Last edited: Nov 26, 2012
4. Nov 26, 2012

So trying a trig substitution I get,

$2\int\int(r^3)\sqrt{r^2+\frac{1}{4}}drd\theta$

$\mbox{for }a^2+x^2\mbox{ let }x=atan\theta$

$r=\frac{1}{2}tan\theta$

$dr=\frac{1}{2}sec^2\theta d\theta$

$2\int\int(\frac{1}{2}tan\theta)^3\sqrt{\frac{1}{4}tan\theta}\frac{1}{2}sec^2\theta d\theta d\theta$

Problem with this method is that there are two $d\theta$'s, which of course is wrong.

Where did I go wrong? (other then everywhere)

Thanks,
Mac

*This has been edited since the original writing. I figured out why I had an extra "r."

Last edited: Nov 26, 2012
5. Nov 26, 2012

Well, looking above I was obviously tired last night when I wrote that. However, I'm still not positive about this and could use some assistance if possible.

Instead of using $\theta$ again for a substitution, I'll use $\phi$

$2\int\int(r^3)\sqrt{r^2+\frac{1}{4}}drd\theta$

$\mbox{for }a^2+x^2\mbox{ let }x=atan\phi$

$r=\frac{1}{2}tan\phi$

$dr=\frac{1}{2}sec^2\phi d\phi$

$2\int\int(\frac{1}{2}tan\phi)^3\sqrt{\frac{1}{4}tan^2\phi+\frac{1}{4}}(\frac{1}{2}sec^2\phi) d\phi d\theta$

This can be simplified down to,

$8 \phi \int tan^3 \phi sec^3\phi d\phi$

Still not pretty.

Could anyone verify if this is a correct approach?

Thanks again,
Mac

Last edited: Nov 26, 2012
6. Nov 26, 2012

### Dick

It's a correct approach. There's some details wrong I think, you meant 8π outside the integral in the last step and the numbers don't look right. But there is a much easier substitution than the trig one. Just put u=r^2+1/4.

Last edited: Nov 26, 2012
7. Nov 26, 2012

Forgive me for being slow here, but if I let $u=r^2+\frac{1}{4}\mbox{then }du=2rdr\mbox { and I have nothing to account for the } r^3;$

I could do something like this,

$(\frac{1}{2})^3 du=r^3 dr$,

but I've never done that maneuver before, and I honestly don't know if it's valid?

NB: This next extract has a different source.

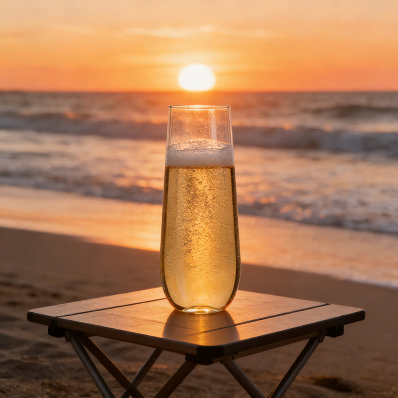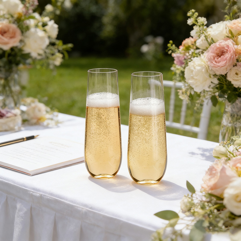 Stabilité sans tigeLeur pied discret et sans tige les empêche de se renverser sur les tables encombrées ou les surfaces irrégulières, tandis que leur forme ergonomique offre une prise en main confortable – idéale pour les longues célébrations. Légères et robustes, elles sont faciles à transporter pour les événements en extérieur ou les voyages.

Thanks for the patience and assistance.
Mac

8. Nov 26, 2012

If I work through it with that substitution I end up with the clean answer of $\frac{4\pi}{3}$, so I'm keeping my fingers crossed that I can do that trick.

9. Nov 26, 2012

### Dick

I'm not sure what 'trick' you are talking about but it doesn't look right to me. I don't get that clean an answer. You've got r^3*sqrt(u)dr=r^2*sqrt(u)*rdr. You'll need the rdr to make du. So that leaves you with just a r^2. But since u=r^2+1/4, r^2=u-1/4.

10. Nov 26, 2012

### haruspex

Beauty is in the eye of beholder. Removing the spurious phi in front:
$\int tan^3 \phi sec^3\phi d\phi = \int sin^3 \phi cos^{-6}\phi d\phi = -\int sin^2 \phi cos^{-6}\phi d cos(\phi) = \int (cos^2 \phi - 1)cos^{-6}\phi d cos(\phi)$
$= \int (cos^{-4} \phi - cos^{-6}\phi) d cos(\phi) = [-cos^{-3}(\phi)/3+ cos^{-5}(\phi)/5]$

11. Nov 26, 2012

The trick I was talking about was cubing both sides, like so $(\frac{1}{2})^{3} du = r^3dr$

That accounted for the r3, but it didn't work. I see what your saying in your post, and I can't believe I forgot about simply rearranging my "u" equation. I think I can work through that, but it will not be until later.

Thanks again for the assistance.

Hey, my phi wasn't that spurious! Besides, it did need the eight in front, just with a ∏ instead.

I suppose I'm just not beholden. This question was supposed to be about a surface integral, not some integral that I should be able to simply calculate and have obviously forgotten how.

12. Nov 26, 2012

### Dick

Nah, that would give you $(\frac{1}{2})^{3} {du}^3 = r^3 {dr}^3$ True, but not very useful.